Nevertheless, there are many times where such self-review is necessary, especially as a student, when there are countless applications for auditions, competitions, and festivals. As a masters student, I applied to many chamber music festivals, which often require audition tapes of solo and chamber repertoire. One fall, I was reviewing my videos from prior festivals to see which might be best to send in. That past summer, I had been a pianist at the Norfolk Chamber Music Festival, a wonderful program run by Yale in the middle of nowhere Connecticut. One of the pieces I had performed was the Schumann Piano Quartet in E-flat; my group consisted of three fantastic string players, who were also awesome people (my favorite kind of group). We were coordinating the sharing and editing of the video file, and kvetching about the process. Actually, I was whining, and I probably said something like, “Ugh, I hate watching videos of my own performances. It’s never good enough.” I expected the others to reflect my misery, but instead, Mitch, the cellist, looked at me with genuine bemusement and said, “Why? I’m already better than I was then. Even if I made a recording a week ago, that represents what I did then. I’m past that now.”

I was startled enough to stop complaining (momentarily). Here was a way of thinking that had never occurred to me. I had only thought of recordings as potential failures - there was always something I could do better, always moments of disappointment, always ways in which I fell short of my ideal. In essence, I only used recordings to judge myself against some impossible standard (I’ve written about this before in another context - notice a theme yet?).

What Mitch was suggesting in his offhand, honest response, was that we can and should use feedback as an opportunity for growth and encouragement. The growth part is already evident to most musicians - when watching or listening to yourself, you immediately notice from that more impartial vantage point things you’d like to change and observations you couldn’t have made in the moment. Regular recording and review is utterly indispensable to any musician, and we all know that.

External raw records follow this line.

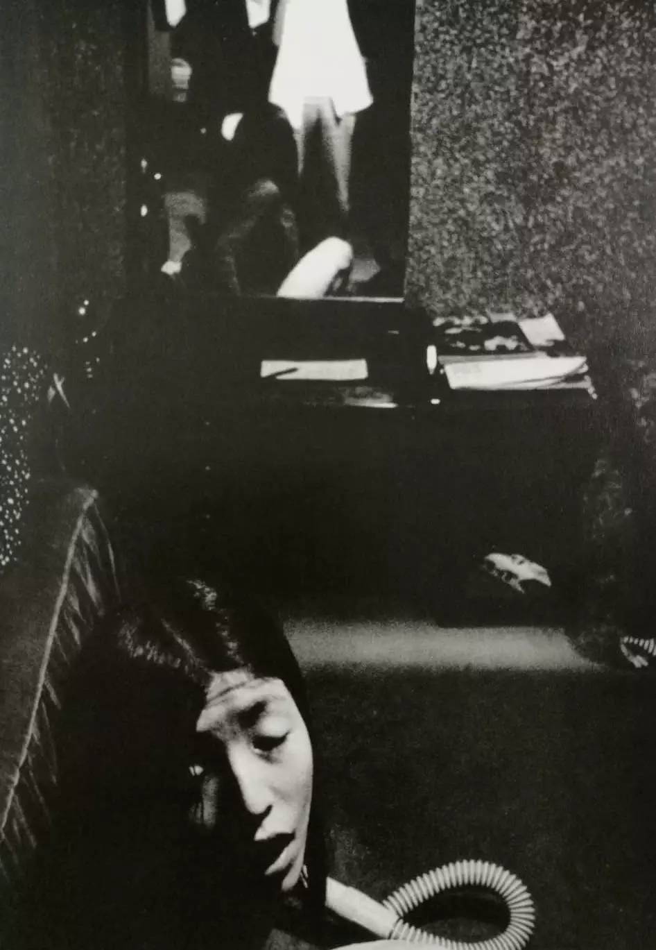 卓马发表于《挑衅》的一帧代表作,是摄于逗子自宅中的作品,也是一帧让观者揪心之作。连墙壁都涂成黑色的房间中,左下角的女人面向画面,做出一副不堪痛苦的挣扎表情。而她的脖子上,缠绕着吸尘器的蛇皮管,令读者本能地联想到扼颈自戕。但其实,很可能是正在清扫地面的女子,在调整吸尘器的位置时,偶然做出的一个表情,被定格在了摄影家的胶片上。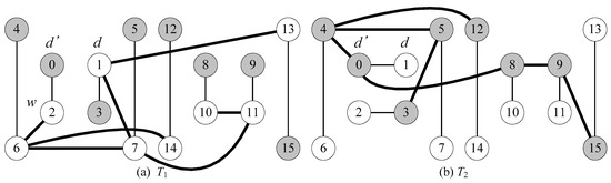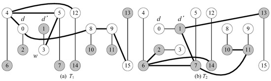 Let destination node d be vertex 1. Dual-PRT1s are shown in Figure 9. Clearly, the diameters of the two trees are 6 and 8 respectively. Vertices 1, 2, 6, 7, 10, 11, 13, and 14 are inner nodes in T1, and vertices 0, 3, 4, 5, 8, 9, 12, 15 are inner nodes in T2. Stems are (1, 7), (1, 13), (2, 6), (6, 7), (6, 14), (7, 11), (10, 11) (respectively, (0, 4), (0, 8), (3, 5), (4, 5), (4, 12), (8, 9), (9, 15)) and leaf edges are (0, 2), (1, 3), (4, 6), (5, 7), (8, 10), (9, 11), (12, 14), (13, 15) (respectively, (0, 1), (2, 3), (4, 6), (5, 7), (8, 10), (9, 11), (12, 14), (13, 15)) in T1 (respectively, T2). Clearly, T1 and T2 obey Definitions 4 and 6. Let d′ be vertex 0 and w be vertex 2, and then Definitions 7 holds. Since all odd vertices belong to the same automorphism group in LTQ4, this lemma holds. □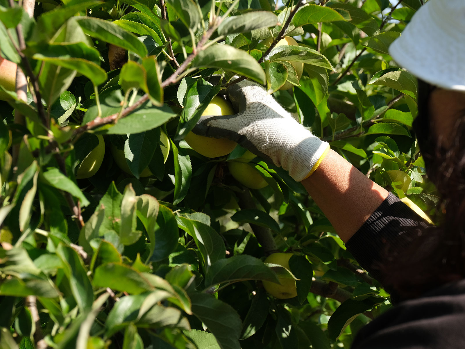A maior parte da colheita ainda é feita manualmente, com um cesto específico para preservar as maçãs e sem danificar a sua introdução no circuito de comercialização.

However, the growth benefits are for many of us still dwarfed by the fear of failure, of being faced with our shortcomings. This week’s guru suggested that we lessen that discomfort by adopting the novel idea that every recording is an opportunity for self-encouragement. This is not some fluffy self-talk: the beauty of this idea is that it’s true! Indeed, no matter how I think the performance went, I am better for having done it. We inevitably learn from the act of performing under pressure, whether that is for a live audience or studio microphone, and if we continue to practice in the days following, we are both subconsciously and consciously incorporating those learnings into our craft. As we put in the work, we are better, day after day, than we were before, and the act of recording or performing has propelled us even faster down that path!

From that perspective then, the recordings are just markers in time - chances to practice the art of performing, to integrate what we have learned, to acknowledge our progress since earlier markers, and to chart the course towards a better self.

I know: easier said than done, especially for the perfectionists amongst us. I recently received videos from a live performance and immediately started compiling a list of self-doubts: the repertoire was new! the piano wasn't as I expected in the lower register! I missed those notes! Etc. These reflexes are hard to change, but if I shelve the video, I won’t have a chance to see the ways in which I am already past that moment in time. In the area of self-assessment then, as in all parts of my life, I need to develop more of a growth, rather than standards, mindset. It helps that in music, comparing yourself to a perfect standard completely misses the point.